Yeah Mike, I think it’s really important to point out here that you’re in Alaska, now you have clients all over the country but there’s a good chunk of your clients that are in Alaska and Alaska does not have estate tax, right? So a lot of your clients are only worried about that federal exemption you’re not an Oregon financial planner where the exemption is like a million dollars so you got to talk about it all the time, so if you don’t think about this every day I mean how did this even come up for you?”

MS:

That’s a great question, so as you may know, some of our audience may know, my specialty is working with federal employees throughout the nation, so I have clients as you said spread through all over the United States which is great; and when I was working with one of my clients and he was telling me about his parents and issues that they were starting to have as they get older right, my clients in their sixties and that the parents are in their eighties and now he’s starting to become the active trustee and power of attorney and so once I hear this, it kind of brings up some red flags in my mind, these yellow flags in my mind right, this is — you know what, we need to have a whole conversation about how to be a trustee with someone else’s assets, how to be a power of attorney, because Steven, probably as you know money’s emotional, and so often when mom and dad pass away, we equate how much were we loved to how much did we get, and while mom and dad are alive, we’re always thinking the same thing — that says hey it’s your money you spend it however you like to do it, that’s just fine, all the siblings say the same thing — once mom and dad die, siblings are going to start adding things up and be like — WTF where’s my money and no no no Micah that doesn’t happen in my family — sure it doesn’t until it does.
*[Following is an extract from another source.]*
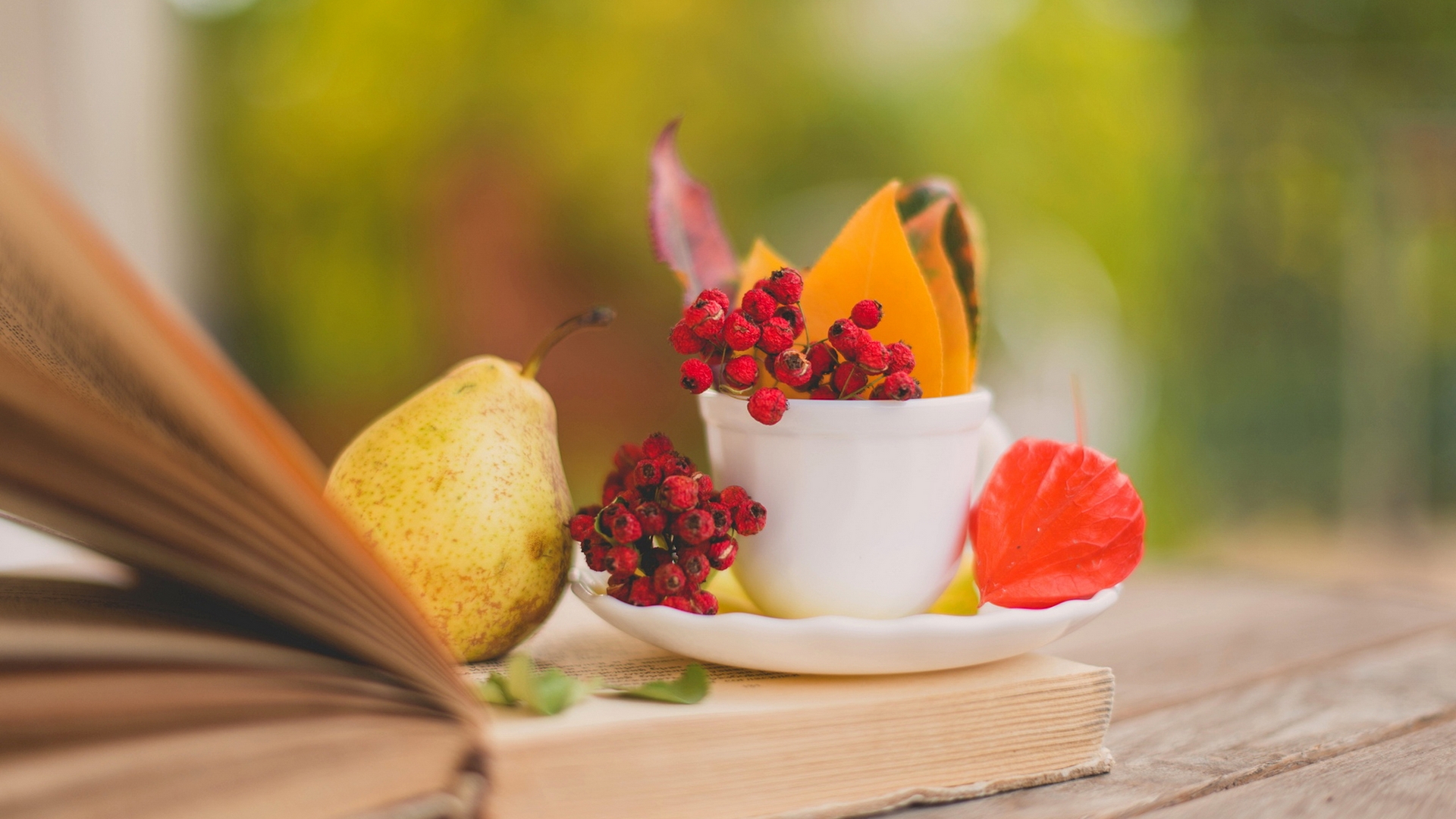 Description: A book with a bowl of fruit and a cup of coffee on it sitting on a table next to a book.

So we have a long conversation with our clients about how to be a good trustee or power of attorney to solve for family unity right how do you make sure you involve the family that doesn’t even want to be involved with these other beneficiaries that are going to be problematic in the future if we don’t get it together in advance of this. So that’s where the conversation started as once I heard — what was new with them what was happening, he was telling me about his parents and all this other stuff that he was doing, and I was like great, now we need to start having this conversation and probing into his parents information, to find out how do we help you him.”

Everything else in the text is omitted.